Aver introdotto concetti come premialità e merito fra gli insegnanti sta aiutando a creare una diversa valutazione sociale del loro ruolo?
Se quei concetti restano astratti e non si traducono in concretezza, dubito che si possa modificare il comune sentire circa la considerazione del nostro ruolo, anche all'esterno. Diciamo che gli stipendi non sono in linea, soprattutto in ingresso, con i livelli di un professionista. Inoltre, il merito è un concetto molto volubile in un ambiente non abituato ad essere sottoposto a valutazione codificata. Mi spiego meglio: un insegnante è valutato costantemente dai ragazzi, dai colleghi, dal dirigente, dalle famiglie. Ma questa valutazione non è codificata e resta fumosa, qualitativa. Come rendere tutto ciò quantitativo? Quali criteri adottare? Esistono standard o buone prassi cui riferirsi? Insomma, tra gli insegnanti c'è molta preoccupazione che tale valutazione possa sfociare in clientelismi o ritorsioni da parte dei dirigenti. A mio modo di vedere questo rischio esiste, ma è notevolmente sovrastimato. E comunque, non può e non deve essere un motivo per opporsi a priori al cambiamento. Nella scuola del XXI secolo occorre una nuova figura di insegnante e uno dei capisaldi non può che essere quello della sua valutazione, non come strumento punitivo ma di valorizzazione. Per far questo, però, occorre far passare l'idea che il docente non possa fossilizzarsi su conoscenze sclerotizzate ma debba migliorare costantemente le proprie abilità: la valutazione lo aiuterebbe ad individuare i punti di debolezza, su cui intervenire. Un bilancio delle competenze, insomma, che purtroppo è uno strumento poco conosciuto in ambito scolastico.
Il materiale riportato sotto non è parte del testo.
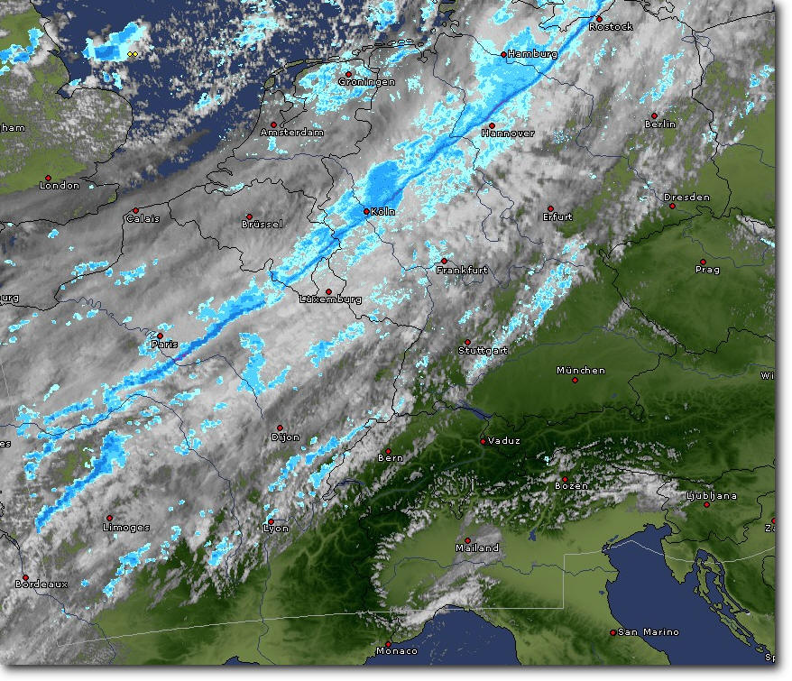 Gestern schon 43.6mm Regen, heute erneut bisher 37.8mm Niederschlag wovon ein Teil als Nassschnee.

La buona scuola la fanno i buoni insegnanti, disse il presidente Matteo Renzi lo scorso anno, durante la polemica che ha accompagnato l’iter della legge. Chi è il "buon insegnante"? quali aspetti della legge le sembrano favorire il suo lavoro? Cosa invece manca?
La mia impressione è che, al momento, la legge 107 abbia prodotto essenzialmente due cose: un piano straordinario di immissioni e un investimento di fondi per l'ammodernamento degli ambienti per la didattica. Credo che queste due componenti (capitale umano e fondi) siano rilevanti per innovare il sistema scuola, ma ancora non bastano, anche perché l'innovazione non esiste, esistono gli innovatori. Senza una nuova idea di cittadino che la scuola deve formare è difficile immaginare una nuova figura di insegnante, anzi di “buon insegnante”. Al momento, quindi, al di là delle intenzioni, non mi pare di scorgere alcuna modifica rilevante nella pratica didattica degli insegnanti: chi faceva innovazione continua a farla, chi contaminava i propri colleghi, coinvolgendoli in azioni di innovazione metodologica, continua a fare azione di disseminazione e, purtroppo, chi era ancorato a vecchi cliché non ha avuto alcuno stimolo concreto a cambiare: gli scatti stipendiali del resto sono ancora per anzianità.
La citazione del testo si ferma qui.